#### [EXERCISE INSTRUCTIONS]
Pictures are not part of the copy. Set down exactly the lines from the one containing "Collection of bone" through the last line of the material below.

#### [AVAILABLE DATA]
☆ ☆ ☆ ☆ ☆ ☆ ☆
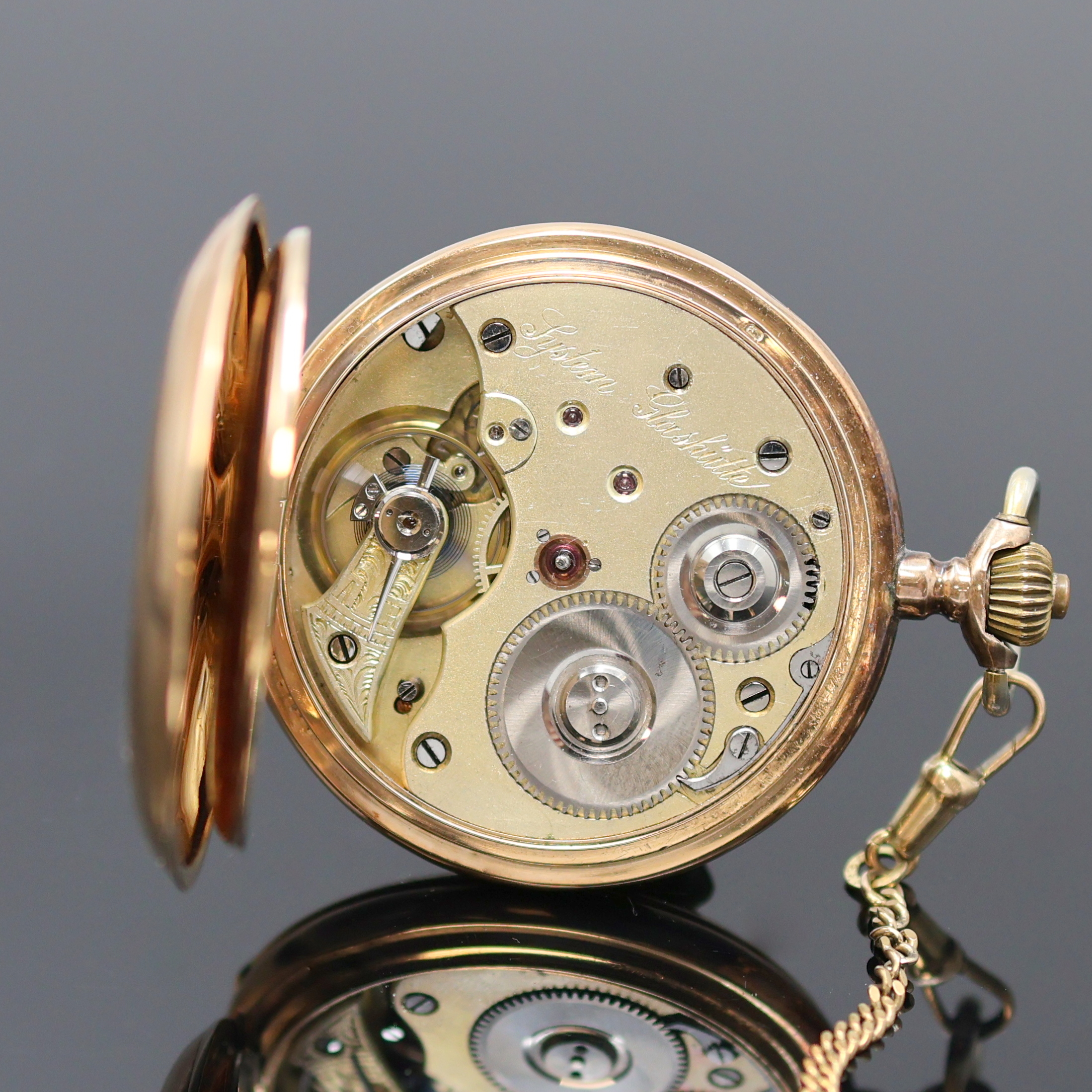 SYSTEME GLASHÜTTE Herrensavonette in RG 585/000 an GG 333/000 Kette, Schweiz um
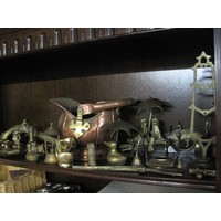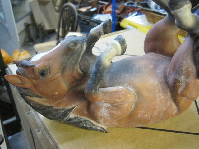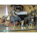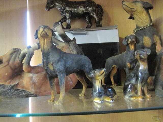 Collection of bone china and other Rottweiler figures, plus other items a wooden horse bottle stand and bookends/doorstops
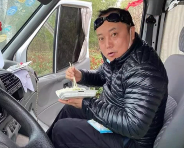 昔日吃贯了的一天三餐,现在变成了一天一餐,为了不影响防疫,他们唯一的一餐盒饭,都是拿到远离居民区的公路边吃。平时,则用车上备的零食充饥。
☆ ☆ ☆ ☆ ☆ ☆ ☆
#### [OUTPUT]
 Collection of bone china and other Rottweiler figures, plus other items a wooden horse bottle stand and bookends/doorstops
 昔日吃贯了的一天三餐,现在变成了一天一餐,为了不影响防疫,他们唯一的一餐盒饭,都是拿到远离居民区的公路边吃。平时,则用车上备的零食充饥。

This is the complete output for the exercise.